У некоторых писателей, в число которых входят авторы журнала “Grand jeu”, актуальный Берроуз, а также Арто тех времен, когда он был связан с сюрреалистами (например, в его «Письме законодателям»), наркотики представлены в качестве ставки наиболее радикальной политической борьбы. У Бэрроуза, наркотики — это «оружие» на службе у войны до полного уничтожения по аналогии с «мировой торговлей» последних лет. О чем сложно сказать, что это неактуально.

Жак Деррида — Так или иначе, для Арто речь в равной мере шла о том, чтобы устранить систему норм и запретов, которые конституировали европейскую культуру и, прежде всего, европейскую религию. В мексиканских наркотиках он искал силу, которая могла бы освободить субъекта, вывести его из подчинения того, что произвело его отчуждение уже с самого рождения, и для начала избавить его от самого концепта субъекта. С самого рождения Бог лишает субъекта его тела и его имени. И одна из целей этого опыта [опыта наркотиков] — покончить с божьим судом. Но, прибегая к такому экспромту, мы сильно упрощаем, и я предпочитаю сделать отсылку к текстам самого Арто — к тем из них, что не просто были написаны «под наркотиками», но тем из них, что радикальным образом ставят под вопрос сами системы интерпретации наркотиков.
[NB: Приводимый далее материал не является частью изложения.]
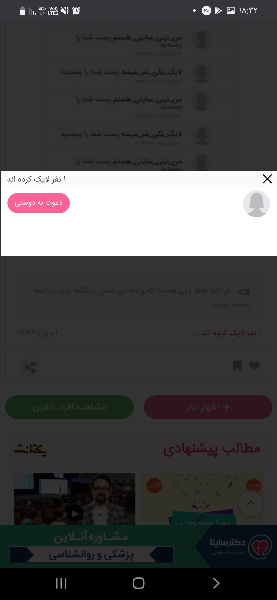 rrrrozzzz مدیر استارتر عضویت: 1398/04/11 تعداد پست: 52433 محض کنجکاوی رفتم با ایمیلم اکانت وا کردم، فقطم تو رو لایک کردم اومدم بیرون. بعدم که با همین آی دی ا ... 🤔🤔🤔عههه با ایمیل اکانت وا کنی مگه شماره هم نمیخواد؟ تو دنیا فقط یکی هست که واسه من نفس میکشه اونم دماغمه😐تموم شد و رفت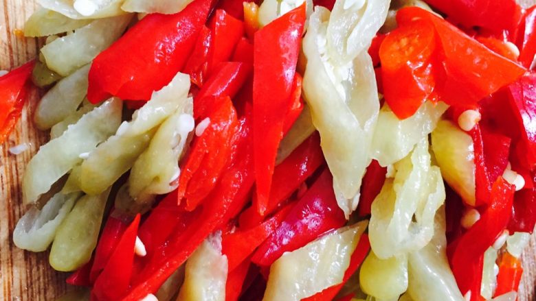 11. 放入小米泡椒和泡红辣椒一起煸炒出香味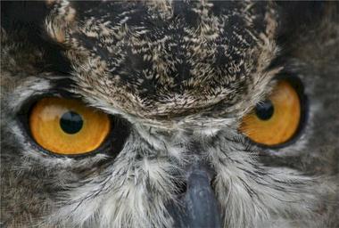 Keywords: owl great horned eyes predator nature wildlife beak feather bird yellow stare nocturnal head wise close up usfws

И кроме этого, следовало бы различать дискурсы, практики и опыты письменности (литературные или же нет) которые предполагают и оправдывают нечто, что мы называем наркотиками. Довольно часто их отделяет друг от друга целая пропасть. Не существует одного единственного мира наркотиков. Текст Арто это не текст Мишо или же Беньямина (в частности, я подумал о его тексте «Гашиш в Марселе»), который совсем не похож на текст Бодлера, а последний в свою очередь не похож на текст Кольриджа или де Квинси. Что было бы поразительно, так это свести эти различия в своего рода гомогенную серию. Можем ли мы запрещать и осуждать, не сваливая все это в одну кучу?

— Если говорить о литературе, то можно датировать возникновение понятия «наркомания» (в современном смысле) произведением де Квинси «Мемуары употребляющего опиум». В равной мере, алкоголизм возникает во французской литературе вместе с Золя.

Жак Деррида — Это след заслуживает того, чтобы проследовать по нему. С той оговоркой, что мы будем все сверять наиболее тщательным образом. Возможно, что мы могли бы рискнуть и выдвинуть гипотезу. Рассмотрим европейскую литературу в относительно прямом смысле этого слова, разграничивая ее от поэзии и беллетристики, т.е. рассматривая ее как некий феномен, возникший в XVII или XVIII веке). В таком случае не будет ли ее возникновение совпадать с появлением некоего вида европейской наркомании? Добавим к этому кофе и табак: мы могли бы посвящать диссертации и целые литературные кафедры (общей или же сравнительной литературы) кофе и табаку в литературе. Подумайте о Бальзаке или о Валери. Нет смысла настаивать на том, что эта два крайне разных случая. Если рассматривать период от Гомера до Данте, то не будет ли проблемно найти нечто аналогичное до возникновения литературной современности? Мы еще вернемся к Гомеру. Но для начала поговорим о фигуре одержимого в рамках асимметричного опыта отношений с другим (речь о бытии-во-власти другого, о бытии-терзаемым другим, о квази-одержимости), который приводит в действие определенный тип письма, а может и всякую письменность в принципе, даже самую искусную (одержимость богами, демонами, музами, вдохновением и т.д.). Не являются ли эти формы изначального отчуждения, в наиболее позитивном, плодотворном и неустранимом смысле этого слова, а точнее, не являются ли эти фигуры одержимых втянутыми в некую историю, в которой наркотики, в момент «бегства богов», смогли бы занять место, ставшее вакантным, и сыграть роль этого изнеможденного фантома? В таком случае можно было бы говорить о методической провокации, о технике вызова фантома: духа (ghost. Geist), вдохновения, одержимости. Или же, более точно, речь могла бы идти о методике контр-фантома, что делает происходящее еще более изощренным. Что такое фантом? Это фантом, которого мы разыгрываем против другого фантома, но в равной мере это фантом фантома, фантом-аилиби, другой фантом. Не выбираем ли мы лишь между фантомами и симулякрами фантомов?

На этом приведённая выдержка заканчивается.